→ **DATASET EXCERPT**:
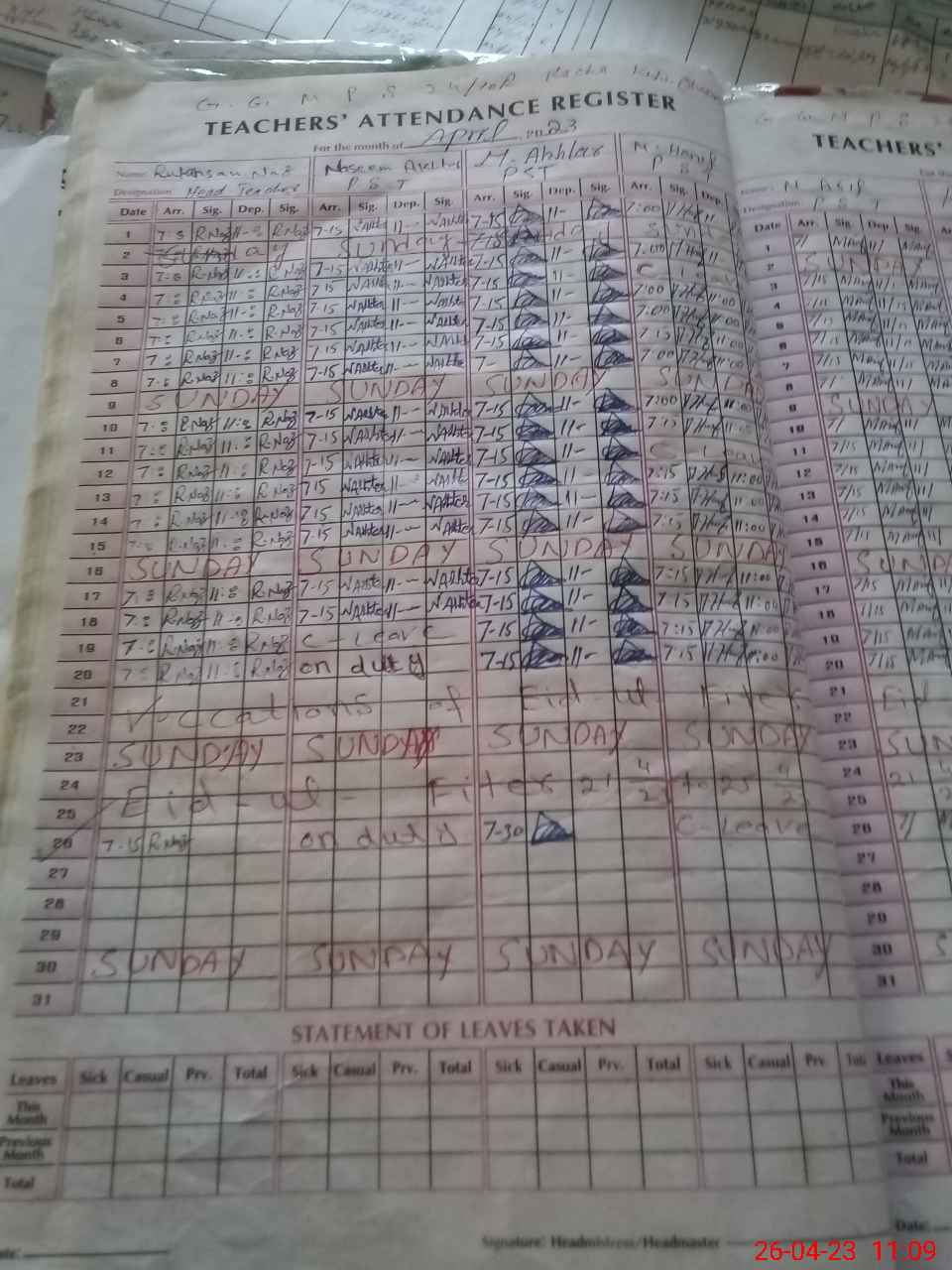 | 36**** | Na**** Ak**** | PST | Regular | 2 | 0 | 0 | 0 | 0 | 0 | 0 | 0 | 2 | Exam Duty |
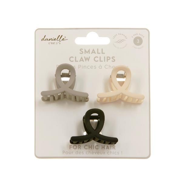 Set of 3 mini claw clips Includes cream, grey, and black clips Neutral colours for easy styling Strong grip without tugging Compact and ideal for travel Keep your hairstyle neat and stylish with this 3-pack of Danielle Creations Mini Claw Clips. Featuring one cream, one grey, and one black clip, this versatile set is perfect for everyday hair styling. Whether you’re pinning back small sections or taming loose strands, these compact clips offer a secure hold without snagging. Their neutral tones work with any outfit, and their small size makes them ideal for handbags or travel.
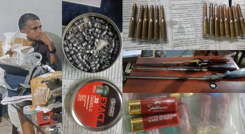 പൊലീസിന് ലഭിച്ച രഹസ്യ വിവരത്തിന്റെ അടിസ്ഥാനത്തിലാണ് വീട്ടിൽ പരിശോധന നടത്തിയത്. ഇത്രയധികം ആയുധങ്ങൾ സൂക്ഷിക്കുന്നതിനുള്ള ലൈസൻസ് ഉണ്ണിക്കമദിന് ഇല്ലായിരുന്നു. വീടിന്റെ മുകൾ ഭാഗത്ത് നടത്തിയ ആദ്യഘട്ട പരിശോധനയിൽ ഒരു റൈഫിളും 40 തിരകളും ഒരു ഗണ്ണും കണ്ടെത്തിയിരുന്നു. പിന്നാലെ വീടിന്റെ താഴെ ഭാഗത്ത് ഷട്ടറിട്ട ഭാഗത്ത് നടത്തിയ പരിശോധനയിലാണ് വൻ ആയുധ ശേഖരം കണ്ടെത്തിയത്.
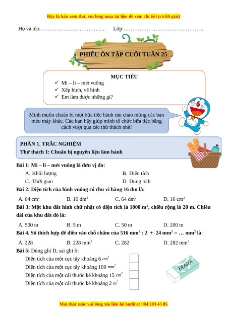 PHIẾU ÔN TẬP CUỐI TUẦN 25 MỤC TIÊU Mi – li – mét vuông Xếp hình, vẽ hình

→ **WORK ORDER**: Your task is to repeat exactly the lines from the beginning of the data to the line that contains "പൊലീസിന് ലഭിച്ച രഹസ്യ", both ends included, leaving out pictures.

→ **TASK ANSWER**:
 | 36**** | Na**** Ak**** | PST | Regular | 2 | 0 | 0 | 0 | 0 | 0 | 0 | 0 | 2 | Exam Duty |
 Set of 3 mini claw clips Includes cream, grey, and black clips Neutral colours for easy styling Strong grip without tugging Compact and ideal for travel Keep your hairstyle neat and stylish with this 3-pack of Danielle Creations Mini Claw Clips. Featuring one cream, one grey, and one black clip, this versatile set is perfect for everyday hair styling. Whether you’re pinning back small sections or taming loose strands, these compact clips offer a secure hold without snagging. Their neutral tones work with any outfit, and their small size makes them ideal for handbags or travel.
 പൊലീസിന് ലഭിച്ച രഹസ്യ വിവരത്തിന്റെ അടിസ്ഥാനത്തിലാണ് വീട്ടിൽ പരിശോധന നടത്തിയത്. ഇത്രയധികം ആയുധങ്ങൾ സൂക്ഷിക്കുന്നതിനുള്ള ലൈസൻസ് ഉണ്ണിക്കമദിന് ഇല്ലായിരുന്നു. വീടിന്റെ മുകൾ ഭാഗത്ത് നടത്തിയ ആദ്യഘട്ട പരിശോധനയിൽ ഒരു റൈഫിളും 40 തിരകളും ഒരു ഗണ്ണും കണ്ടെത്തിയിരുന്നു. പിന്നാലെ വീടിന്റെ താഴെ ഭാഗത്ത് ഷട്ടറിട്ട ഭാഗത്ത് നടത്തിയ പരിശോധനയിലാണ് വൻ ആയുധ ശേഖരം കണ്ടെത്തിയത്.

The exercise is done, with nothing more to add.